Applications in the Clinical Laboratory
CZE is widely used in clinical laboratories for serum protein analysis, where it has largely replaced agarose gel electrophoresis for routine serum protein electrophoresis (SPEP). Serum proteins separate into five major fractions — albumin, alpha-1, alpha-2, beta, and gamma globulins — and the electropherogram is evaluated for monoclonal gammopathies, inflammatory patterns, and protein deficiencies. CZE is also the method of choice for hemoglobinopathy screening, separating hemoglobin variants such as HbA, HbF, HbS, and HbC at alkaline pH. In pharmaceutical analysis, CZE is used for drug purity testing, counter-ion determination, and chiral impurity profiling.

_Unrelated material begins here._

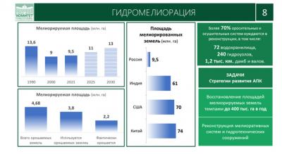 Государству и регионам этим вопросом нужно активно заниматься, тем более с учетом изменений климата. Впереди нас наши недруги имеют 50%-60% мелиорируемых земель.

In proteomics, CZE coupled with mass spectrometry (CZE-MS/MS) provides high-efficiency peptide separation for bottom-up protein identification, particularly advantageous for low-volume samples and basic peptides that are challenging by reversed-phase LC-MS.
Method Development Considerations
Developing a CZE method begins with selecting the BGE pH based on the pKa values of the analytes. A phosphate or borate buffer at pH 2.5 is a common starting point for small molecules and peptides. The capillary dimensions (length, inner diameter) and applied voltage are chosen to balance analysis speed with resolution. Column temperature is controlled by forced-air or liquid cooling to dissipate Joule heat, and the capillary is rinsed between runs with sodium hydroxide, water, and BGE to maintain reproducibility. For quantitative analysis, an internal standard is added to correct for injection volume variability, and the method is validated for linearity, precision, accuracy, and robustness according to ICH guidelines.